The general approach to data inquiry is shown in Fig. 1. If all analyzed semen parameters were within the WHO reference range values [58], men were assigned to the normal basic parameters subgroup; otherwise, they were assigned to the group with at least one or more parameters outside the range (abnormal values of semen parameters subgroup). We wanted to assess whether the level of expression of the given genes is related to changes in sperm parameters. Thus, participants’ subdivisions were created (Fig. 1).

Fig. 1
figure 1

Patient grouping scheme; n number of participants. The cutoff points for each parameter are defined in square brackets. Participants above the cutoff points were assigned to the subgroup with a normal value of semen parameter and those below to the abnormal semen parameter value subgroup

ESRs, SRC, and PELP1 mRNA expression differences

The purpose of the analysis was to establish the expression pattern of genes of interest in relation to sperm parameters. The normalized quantitative mRNA levels were expressed as concentration ratios (Cr values—see “Materials and Methods”).
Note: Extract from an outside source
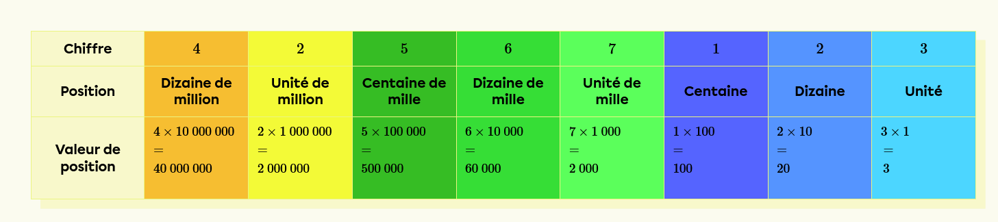 Voici un tableau résumé des positions des chiffres.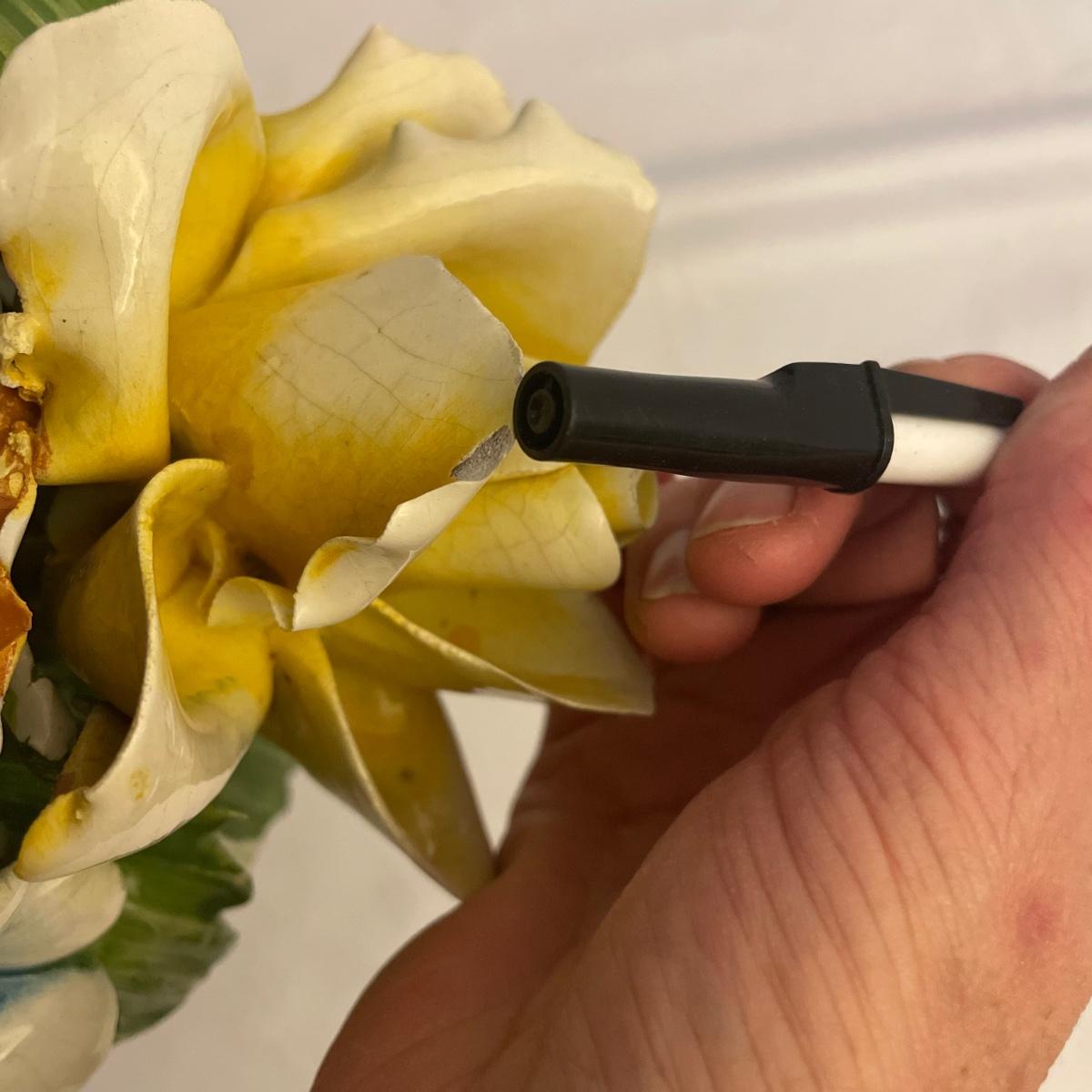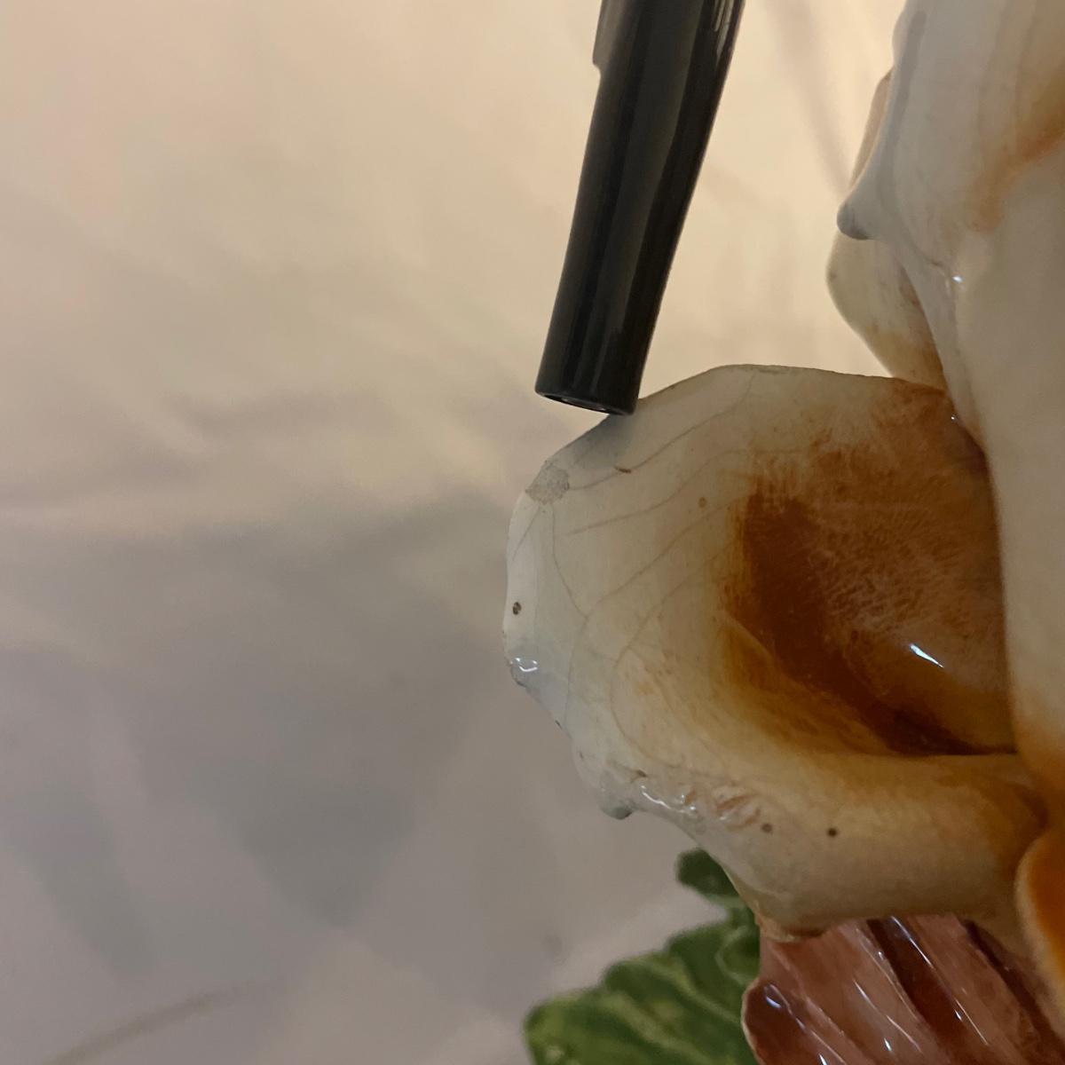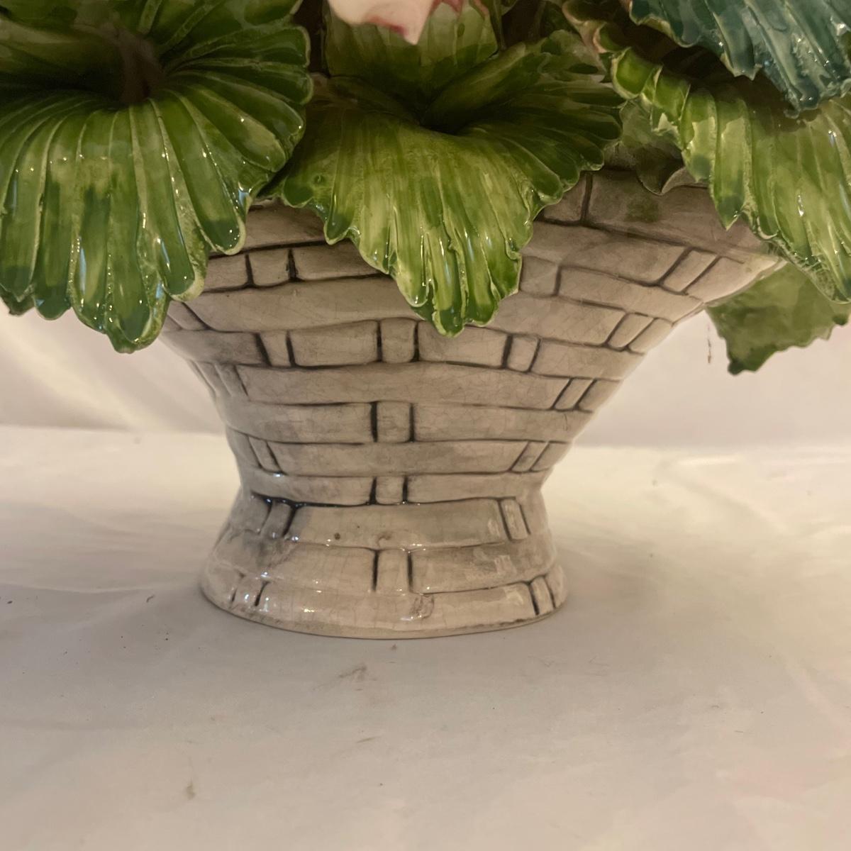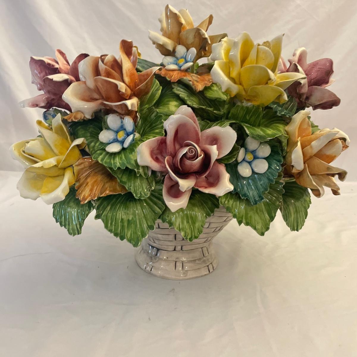 This large porcelain floral arrangement has the makers stamp but it is quite faint so we cannot guarantee that it is an authentic Capodimonte? There are some chips on flowers that are shown in images and some minor crazing, all of which do not affect the overall beauty of this piece as you have to look quite hard to find the chips; see images.

The patients differed in all analyzed sperm parameters (p < 0.05). Amplification of ESR1, ESR2, PELP1, and SRC was analyzed in all samples. However, genes of interest expression did not differ significantly between normal and abnormal values of semen parameters. The detailed characteristics of semen parameters and mRNA expression levels are provided in Table 1. It is important to note that the differences were observed for particular sperm parameters when these were analyzed separately, as previously mentioned.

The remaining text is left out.